Dr. Frolik is a Professor and Chair of the Department of Electrical and Biomedical Engineering. Dr. Frolik's research focuses on sensor networks, wireless communications, and distributed control. This work has resulted in over 150 peer-reviewed publications, 8 patents, and has involved over 30 graduate students. The work has been supported by industry and by NSF, DOE, NASA, and DOT.

Faculty Profile, Faculty Website

Safwan Wshah, Computer Science

Dr. Wshah is currently investigating machine learning algorithms to be applied in Energy, Transportation and Healthcare fields. He joined UVM CEMS from PARC (Palo Alto Research Center), where he worked as a research scientist in the fields of machine learning/deep learning, computer vision, and image/video processing.

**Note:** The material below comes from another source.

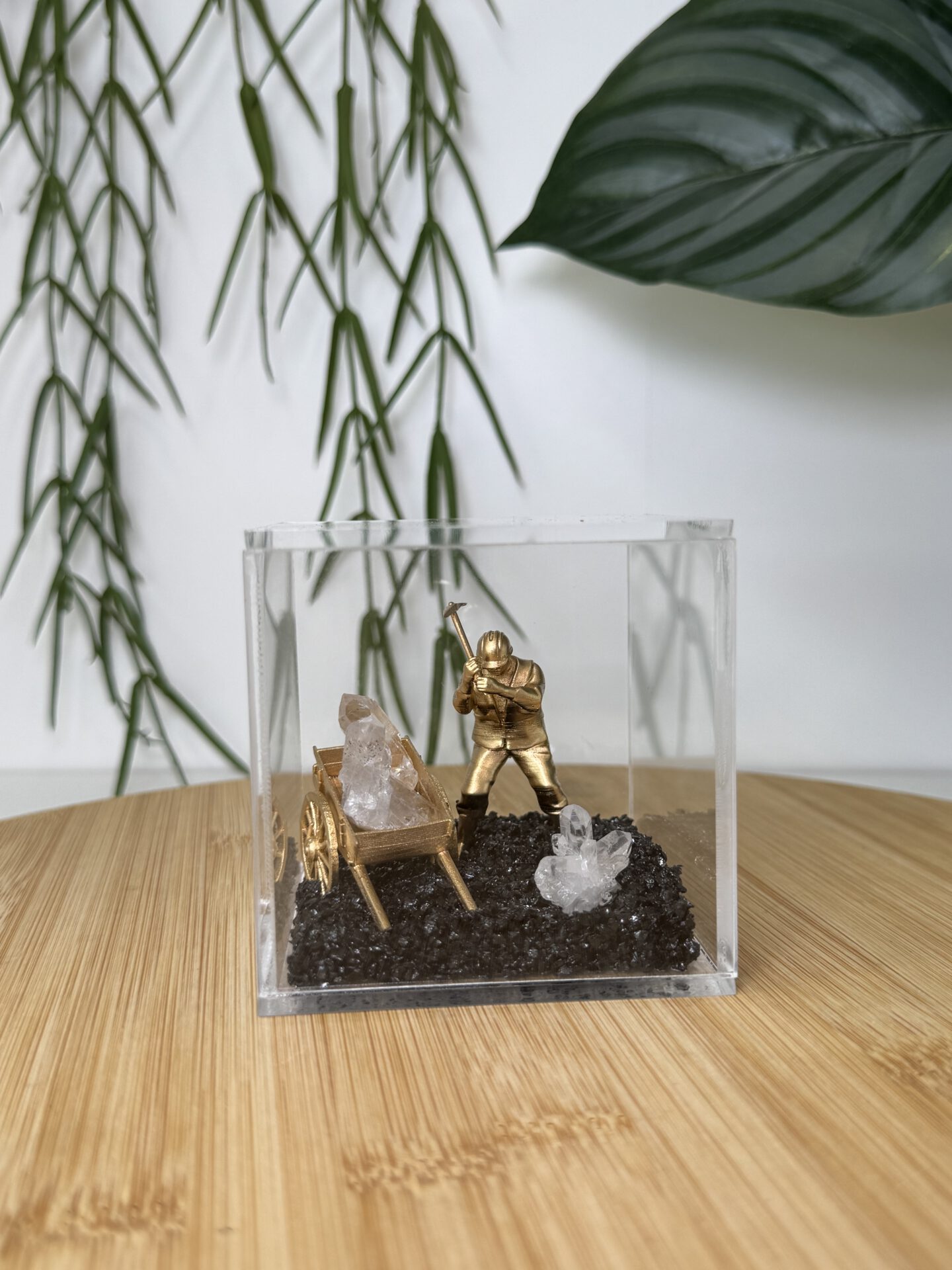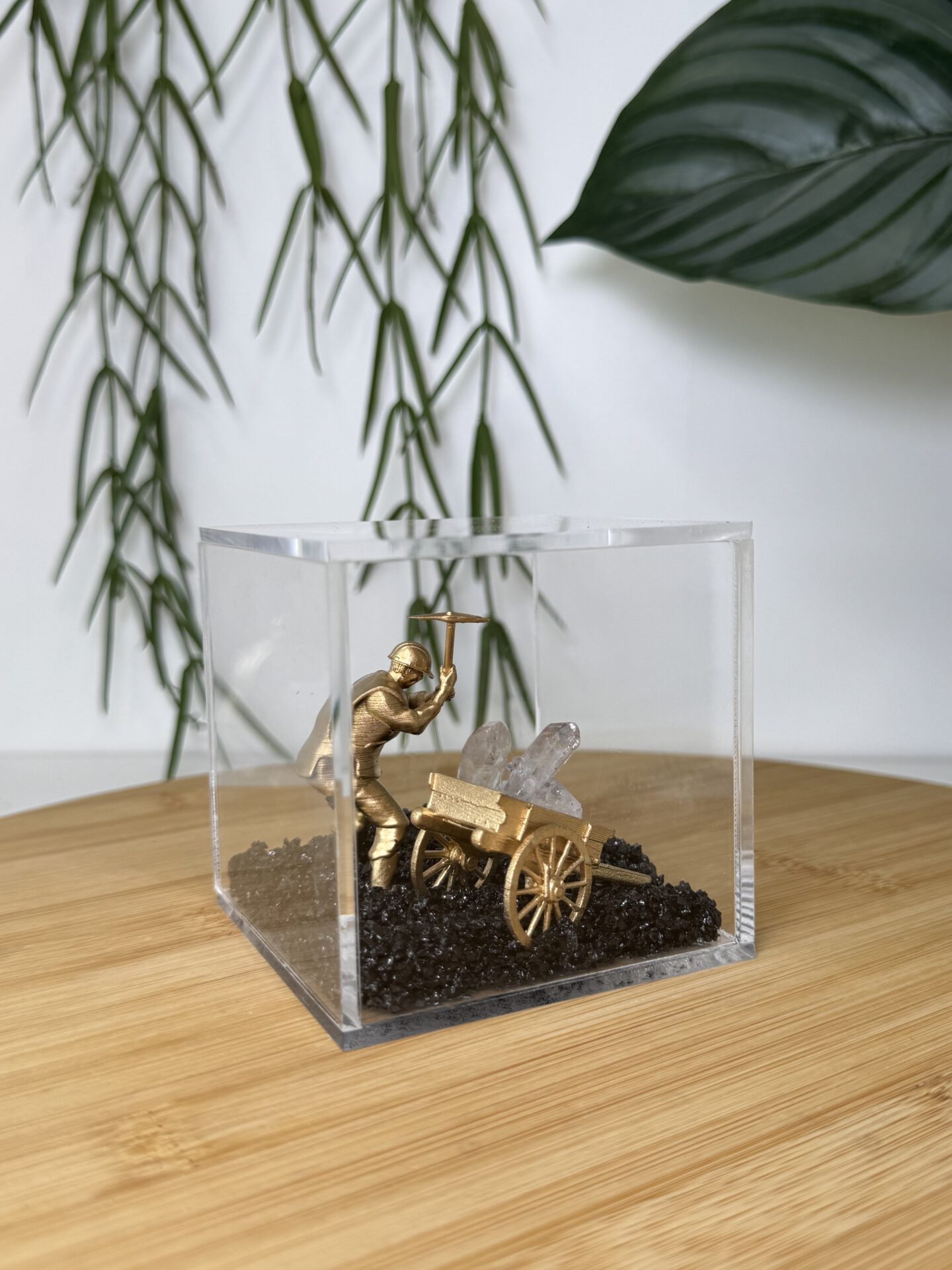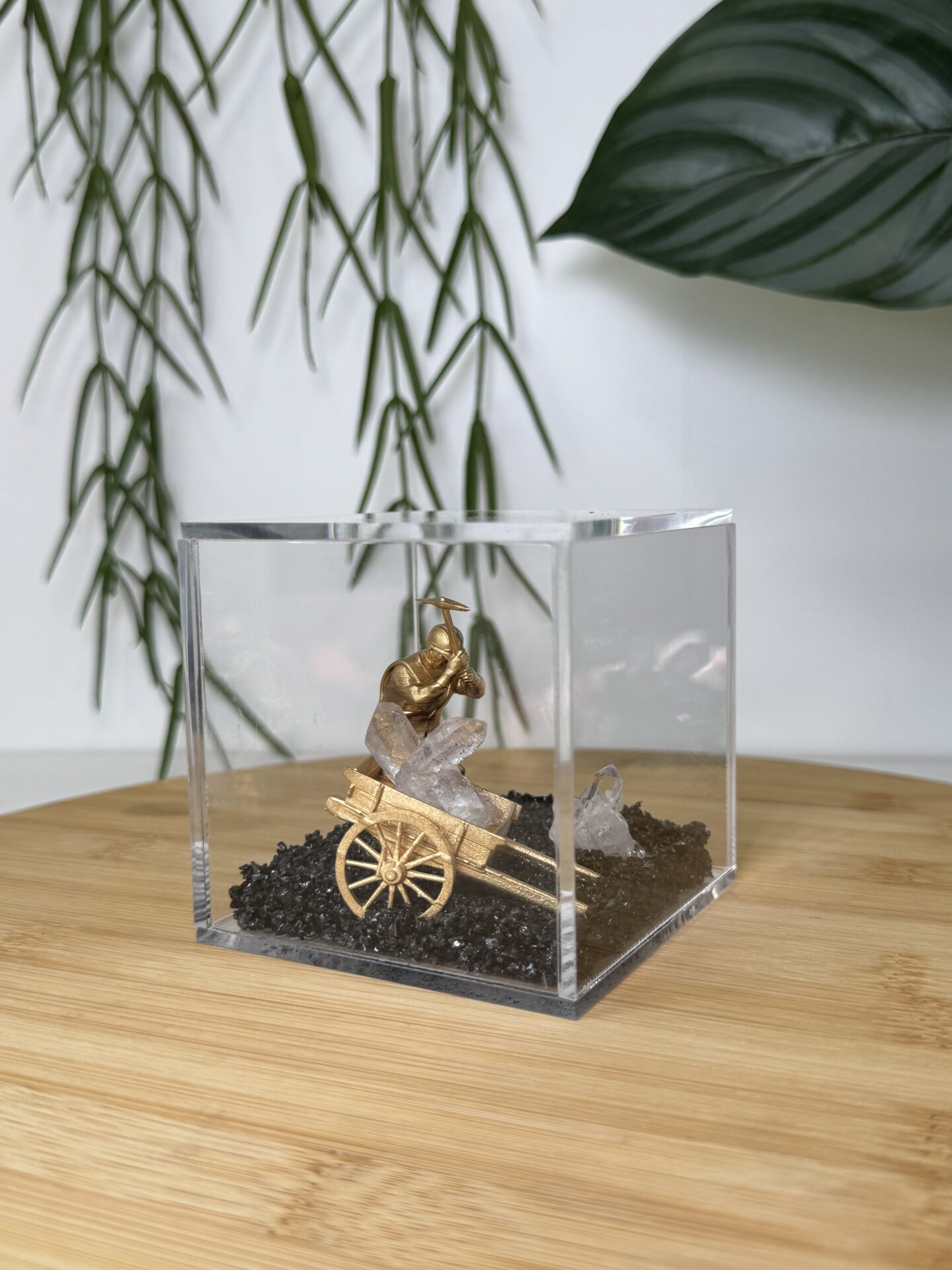 De boxen zijn van plexiglas gemaakt en daarin ligt een bodem van zwarte basalt. Basalt is een vulkanisch stollingsgesteente. Basalt ontstaat doordat lava stolt op het aardoppervlak en dan vrij snel afkoelt. Een andere benaming is ook wel uitvloeiingsgesteente. De box kan niet open en bevat een miner poppetje en een cluster van Bergkristal.

Faculty Profile, Lab Website

Affiliated Centers

    
Complex Systems Center

 

Selected Courses in Energy & Grid Power Systems

EE 217 Smart Grid

Smart Grid: Using information/communication technology to modernize electric power/energy systems, including generation, transmission, distribution and consumption. Electricity physics/economics/policy; renewable energy; energy storage; demand response; energy efficiency; distributed generation; advanced metering infrastructure; distribution automation; microgrids; synchrophasors; HVDC and FACTS systems.

EE 218 Power Electronics

An introduction to the field of power conversion using power electronics devices. Topics include Energy and Power, AC-to-DC Converters, DC-to-DC Converters, DC-to-AC Converters, Elements of Control and Design of Power Converters, Applications of Power Electronics in Renewable Energy and Microgrids. Simulations and experiments illustrate concepts. Final project related to renewable energy.

ME 236 Renewable Energy Harvesting

Covers the engineering fundamentals of different renewable energy technologies, including wind power, tidal power, solar power, biomass, hydropower, etc. Focus placed on the mathematical derivation and application of small scale vibration energy harvesting technologies.

ME 238 Energy Systems Engineering

Engineering assessment of both potentially sustainable and unsustainable practical primary energy systems. Examination of options of meeting demand and impacts on the environment.